Grundsätzlich hast du auch die Möglichkeit, dir eine externe SSD selbst zu bauen. Alles, was du brauchst, ist ein passendes Leergehäuse, in das du deine SSD einbauen kannst. Das Ganze erfordert zwar ein wenig Geschick, aber grundsätzlich ist es ohne Probleme möglich. Wichtig ist vor allem, dass am Gehäuse und an der Festplatte jeweils ein SATA-Anschluss vorhanden ist. Weiterhin ist die korrekte Bauhöhe des Gehäuses und der Festplatte zu berücksichtigen. In der Regel liegt sie zwischen 7 und 12 mm. Gehäuse findest du beispielsweise von Marken wie den folgenden:

  • Verbatim
  • OWC
  • Plextor

Wie partitioniert man seine SSD-Festplatte

Die Vorgehensweise zur Partitionierung einer SSD-Festplatte ist genau dieselbe wie bei einer HDD. Die dafür notwendigen Tools sind auf dem Betriebssystem in der Regel bereits vorinstalliert. So wirst du Schritt für Schritt durch die Einrichtung von einer oder mehreren Partitionen geführt.

Was tun, wenn die externe Festplatte nicht erkannt wird

Hin und wieder kann es vorkommen, dass der PC die externe Festplatte nicht erkennt. In diesem Fall ist es zunächst einmal sinnvoll, den Anschluss an einem anderen Gerät zu testen. Nimm hierzu einfach das USB-Kabel und stecke es um. Wenn es nicht funktioniert, ist das Kabel die Fehlerursache und du musst es ersetzen. Wenn der Anschluss mit einer anderen Festplatte funktioniert, ist vermutlich die Hardware defekt.

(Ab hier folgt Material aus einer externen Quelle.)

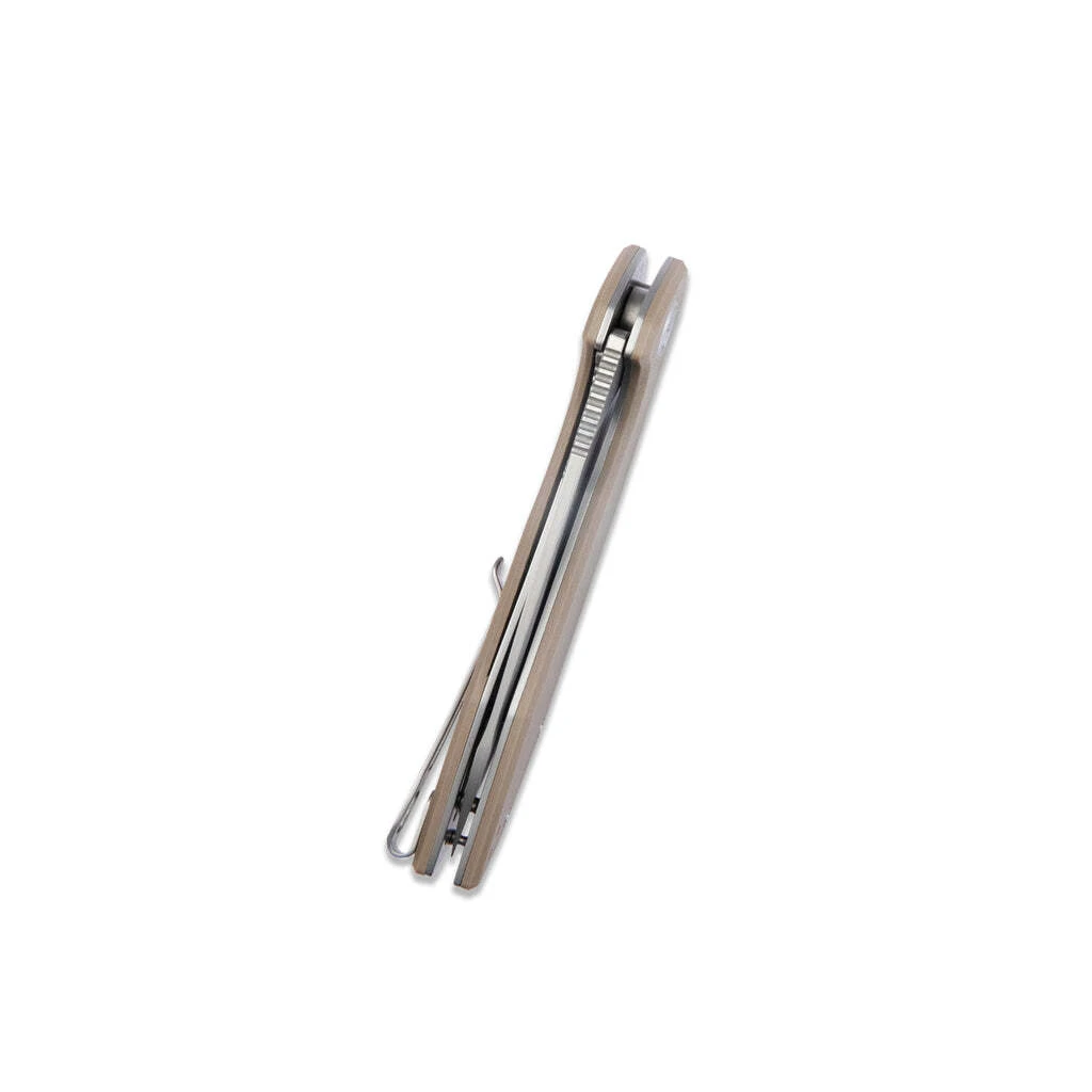 Die Klinge aus D2-Werkzeugstahl lässt sich mit einem Flipper öffnen und wird durch einen Linerlock-Verschluss in der offenen Position gehalten. Der Griff ist aus robustem G10-Material gefertigt. Das Messer ist mit einem Clip zum Tragen in der Tasche ausgestattet.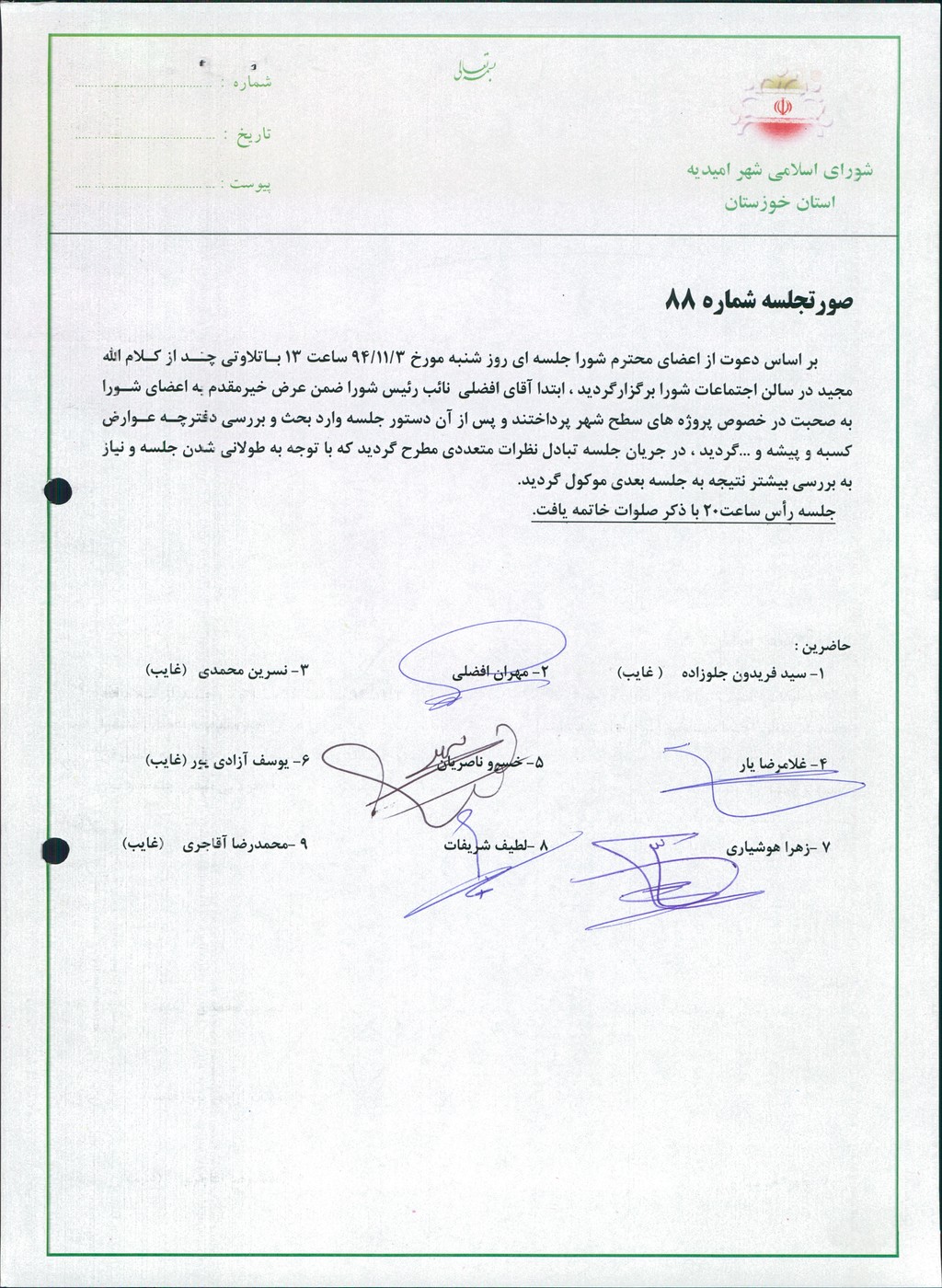 گزارش جلسه شماره ۸۸ شورای اسلامی شهر امیدیه

Bei Windows kannst du darüber hinaus noch einen kleinen Trick einsetzen, die Datenträgerverwaltung. Hier kannst du erkannte, aber nicht angezeigte Speicher noch einmal neu aktivieren

Fazit

SSD-Festplatten zeichnen sich durch ihre Geschwindigkeit, ihre Lautlosigkeit und ihre Langlebigkeit aus. Hier bekommst du ein Speichermedium geboten, das du für die unterschiedlichsten Zwecke einsetzen kannst. Der große Vorteil dabei: externe Festplatten kannst du problemlos überall nutzen, ohne dass du sie erst einbauen musst. Das ist vor allem dann sinnvoll, wenn du die Festplatte beispielsweise zur Speichererweiterung von Konsolen wie der PS4 und der Xbox360 nutzen willst. Für die höhere Leistung und Geschwindigkeit musst du allerdings auch ein wenig mehr Geld einplanen.